Media Matters: To ban or not to ban
Challenges to books in public school libraries have risen sharply in the past five years. Columnist Richard Campbell writes that the Trump administration's efforts to clamp down on materials that promote diversity have put librarians at the center of a political fight.

When I found out that Miami University alumnus Wil Haygood’s book on Black film history, “Colorization,” was among 381 titles banned from the U.S. Naval Academy Library by the Trump administration, I had two thoughts. One, “Wow, this is going to be good for Wil’s book sales!” And two, “Why wouldn't naval cadets be tough enough to handle a book about movie history … aren’t they being trained to fight in wars?”
Since 2020, there’s been an alarming rise in the number of books challenged in the U.S. for their right to exist in libraries, according to American Library Association (ALA). In 2020, less than 300 book titles were challenged, but that figure ballooned to nearly 4,000 in 2021 and over 9.000 in 2023.
Over the years, such challenges typically came from parents or school boards worried about the effects of a book’s sexual content on children — although between 2000-2009, the Harry Potter series faced the most challenges, apparently for encouraging witchery.
Judy Blume, who wrote books for children and young adults, often saw her books targeted or banned. The author of “Are You There, God? It’s Me, Margaret” (1970) and “Forever” (1975) once offered this advice: “Let children read whatever they want and then talk about it with them. If parents and kids can talk together, we won’t have as much censorship because we won’t have as much fear.”
The last Supreme Court case to address book banning, more than 40 years ago, was Island Trees Union Free School District v. Pico (1982). The Court’s fuzzy ruling stated that “local school boards have broad discretion in the management of school affairs.” But then the Court wrote that such discretion “must be exercised in a manner that comports with the transcendent imperatives of the First Amendment.”
More recently, many of these challenges have been political, as the ban on “Colorization” suggests. The recent surge is part of the newest iteration of the “culture wars” over the rise of diversity, equality and inclusion programs, DEI for short, that have developed in schools and colleges over the last two decades.

On one side of the cultural spectrum are efforts to acknowledge the histories of minority populations, long ignored or discriminated against. On the other side are those worried that books promoting DEI efforts are getting too much attention, upsetting old norms and traditional values.

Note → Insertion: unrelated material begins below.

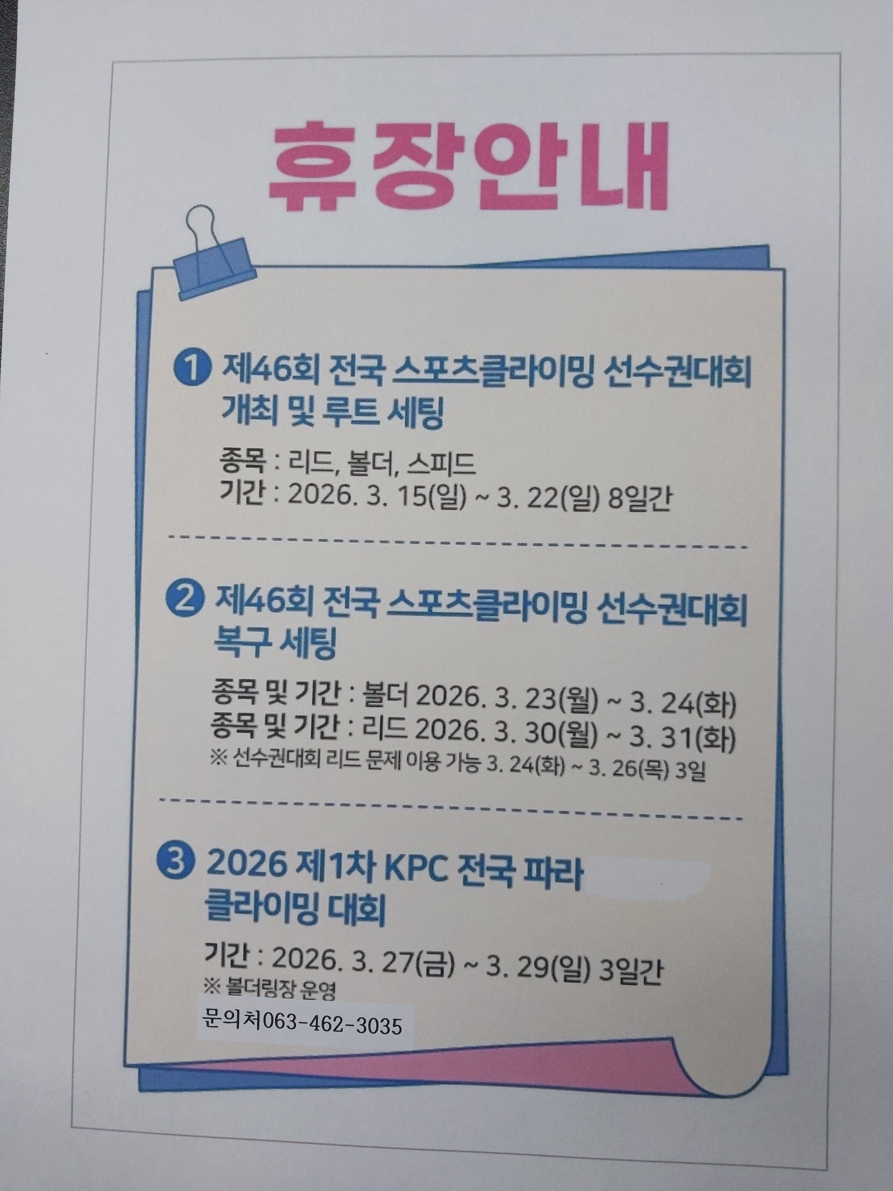 군산 인공암벽장 휴장안내 작성자땡겨|작성시간26.03.11|조회수352 목록 댓글 0 글자크기 작게가 글자크기 크게가 다음검색 현재 게시글 추가 기능 열기 북마크 공유하기 신고 센터로 신고 댓글 댓글 0 댓글쓰기 답글쓰기 댓글 리스트

“The record number of book challenges we’re reporting today are not the result of parents filing authentic requests for reconsideration,” said Deborah Caldwell-Stone, director of ALA’s Office of Intellectual Freedom, discussing the organization's data. “Overwhelmingly, we’re seeing groups and individuals at library board meetings demand the removal of long lists of books obtained from organized censorship groups who share these lists on social media.”
As states go, Ohio stands out as less censorial than many:
In 2023, though, ALA reported 40 attempts to remove 235 titles from school and public libraries in Ohio. In Butler County, the Lane Libraries report only three challenges since 2020.
Amanda Toth, Lane’s Adult Collection Development Librarian, told me their process is based on finding appropriate materials for individual families, not on censoring materials for everyone.
“We are here to support the needs of all different individuals and families,” Toth said. “We don't decide what is right because every family has different needs. We take challenges seriously and make sure to review the item as a whole in its value to the community.”
Before 2020, according to Education Week, “Book challenges involved a parent’s objection to a single book, instead of an organized movement.” But after 2020, PEN America, a free speech advocacy organization, identified more than 50 different groups that have emerged, some with multiple chapters, targeting long book lists at both the local and state level.
According to reporting by the New York Times, a team of political appointees waded through such a list to decide what to remove from the Naval Academy library, using keyword searches to flag any book title that smacked of DEI. Those terms apparently included words like “race” and “black.” It’s not known whether the appointees read each book. Maya Angelou’s celebrated “I Know Why the Caged Bird Sings” (1969) got banned, so given a title that lacked DEI trigger words, someone must have skimmed it. The Times also reported that Hitler’s “Mein Kampf” survives in the library.
Former President Barack Obama has offered some insight on this, with a nod to librarians: “Today, some of the books that shaped my life and the lives of so many others — are being challenged by people who disagree with certain ideas or perspectives. And librarians are on the front lines, fighting every day to make the widest possible range of viewpoints, opinions, and ideas available to everyone.”
Author Kurt Vonnegut once offered a compromise of sorts — one that I can get behind: “All these people talk so eloquently about getting back to good old-fashioned values. Well, as an old poop I can remember back to when we had those old-fashioned values, and I say let’s get back to the good old-fashioned First Amendment of the good old-fashioned Constitution of the United States — and to hell with the censors! Give me knowledge or give me death!”